A mi modo de ver, de ese texto legal resulta claro que el Congreso Nacional subordinó la vigencia de ese régimen excepcional al cumplimiento de tal hecho, configurado como una condición de vigencia de la norma, instituto jurídico parecido al de la condición resolutoria pero diferente.

Al respecto, conviene recordar que la “condictio iuris” o condición de aplicación de las normas es un elemento constitutivo de la ley, no dependiente de las partes (conf. Diccionario de Ciencias Jurídicas Políticas, Sociales y de Economía, dirigido por Víctor De Santo; Editorial Universidad, Buenos Aires, 1999, pág. 254); mientras que la condición regulada en los arts. 527 y stes. del Código Civil constituye una modalidad de los actos jurídicos o de las obligaciones, modalidad, por otra parte, accidental (ver Pizarro, Ramón Daniel y Vallespinos, Carlos Gustavo, Instituciones de Derecho Privado – Obligaciones, Editorial Hammurabi – José Luis Depalma Editor, Buenos Aires, 1999, T. 1, pág. 236).

En ese entendimiento opino que dicha conditio iuris derogatoria ha implicado que la extinción o finalización de la prórroga legal quedó únicamente sujeta al acaecimiento del hecho o evento futuro e incierto mencionado en la ley y, una vez cumplido éste, se produjo la automática derogación comprometida en la propia norma.

Como consecuencia directa de ello, estimo que la previsión legal contenida en el art. 4º de la ley 25.972 debe considerarse auto suficiente y que no requería para su operatividad la complementación de una reglamentación, norma ni sentencia administrativa ni judicial meramente declarativa que ,en este caso, pondría meramente de manifiesto una condición material y temporalmente ya acontecida.

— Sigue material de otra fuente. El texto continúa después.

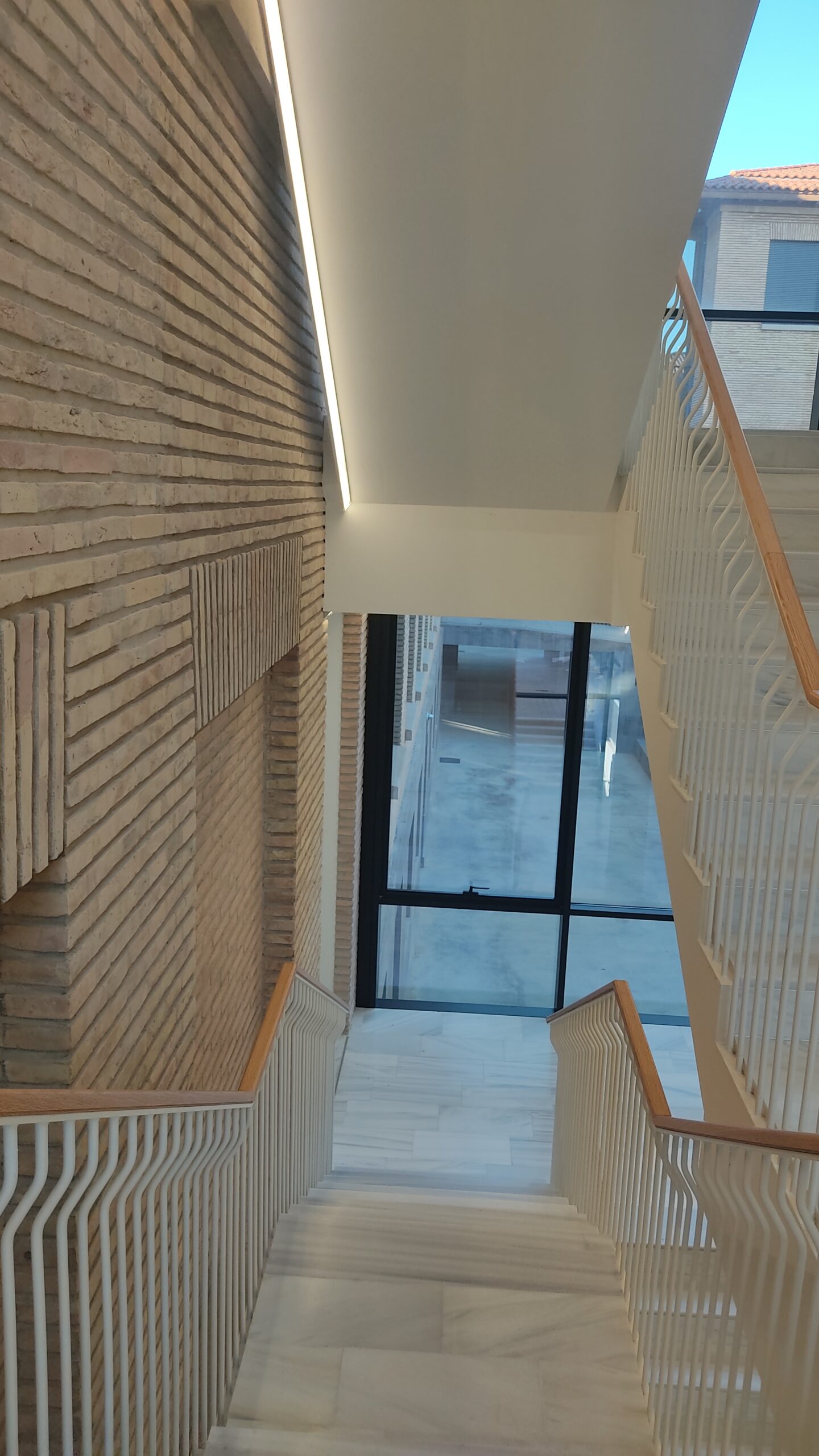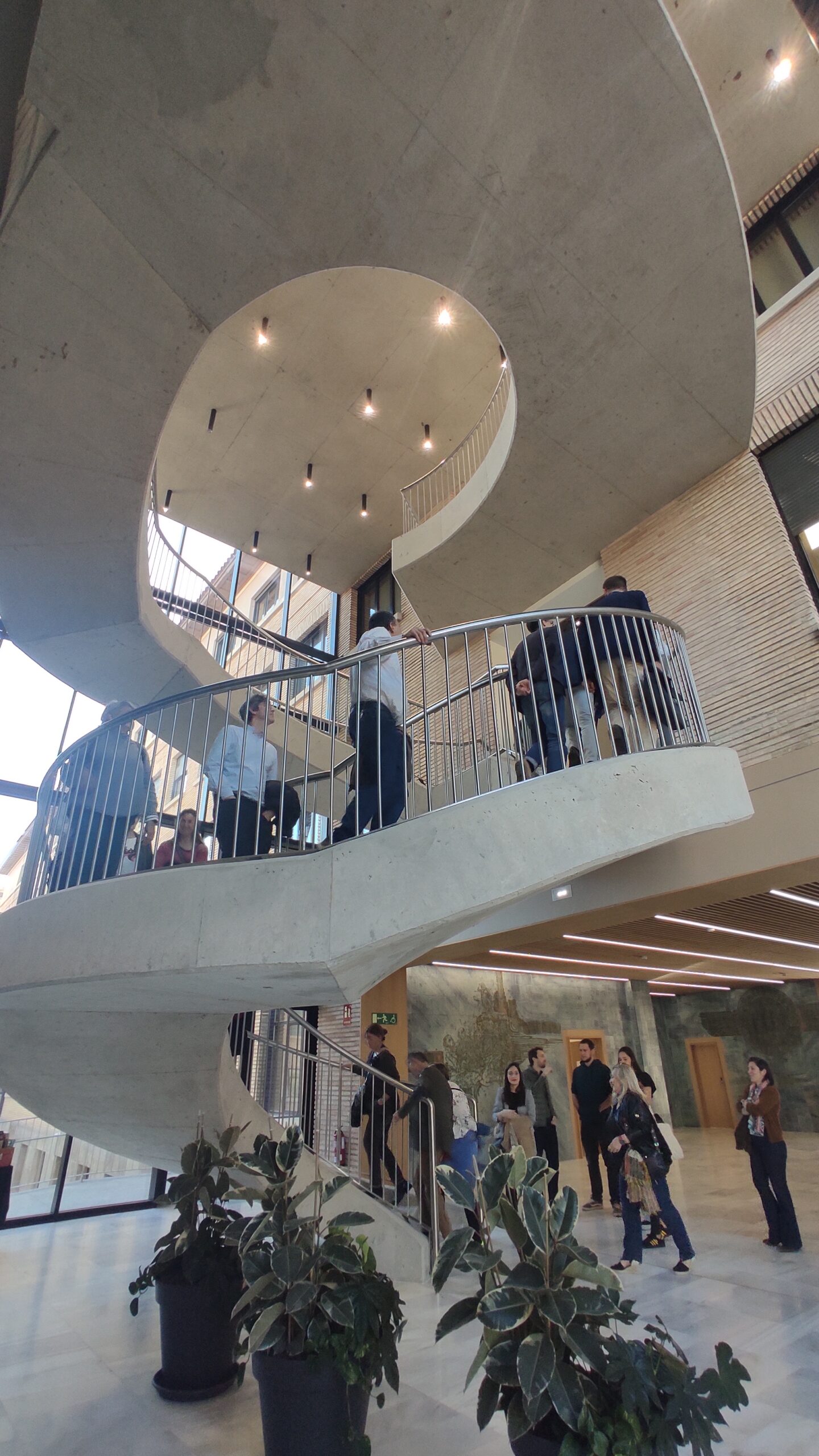 Igualmente, nuestros compañeros profesionales de la arquitectura técnica, David Mateo, Fernando Galindo y Marina Bonet, fueron galardonados con el Accésit a Mejor dirección de ejecución de la obra en la misma edición de la Gala Aragonesa de la Edificación, por su actuación en los trabajos de rehabilitación integral de esta Facultad. E igualmente, también contamos con su presencia en la explicación de esta visita, ofreciéndonos su punto de vistas desde el prisma de nuestra profesión.

Enfatizo que, desde mi enfoque, de acuerdo al texto del art. 4º de la ley 25.972, no se necesitaba el dictado de una norma pues no se supeditó la derogación del régimen de suspensiones y recargo a una decisión estatal. En efecto, nótese que la ley no previó que cuando la tase de desocupación fuese menor al 10% se habría de dictar una norma derogatoria, ni comprometió a autoridad alguna a elaborar tal norma; criterio que hubiese ahorrado dudas, incerteza y problemas jurídicos. Por el contrario, se estableció una cláusula derogatoria auto suficiente y automática.

En concreto, pues, opino que el legislador dispuso que el régimen de suspensión de los despidos perdería vigencia al producirse el hecho mencionado en el art. 4 de la ley 25.972 y, una vez verificado éste, la conditio legis debe juzgarse cumplida de pleno derecho.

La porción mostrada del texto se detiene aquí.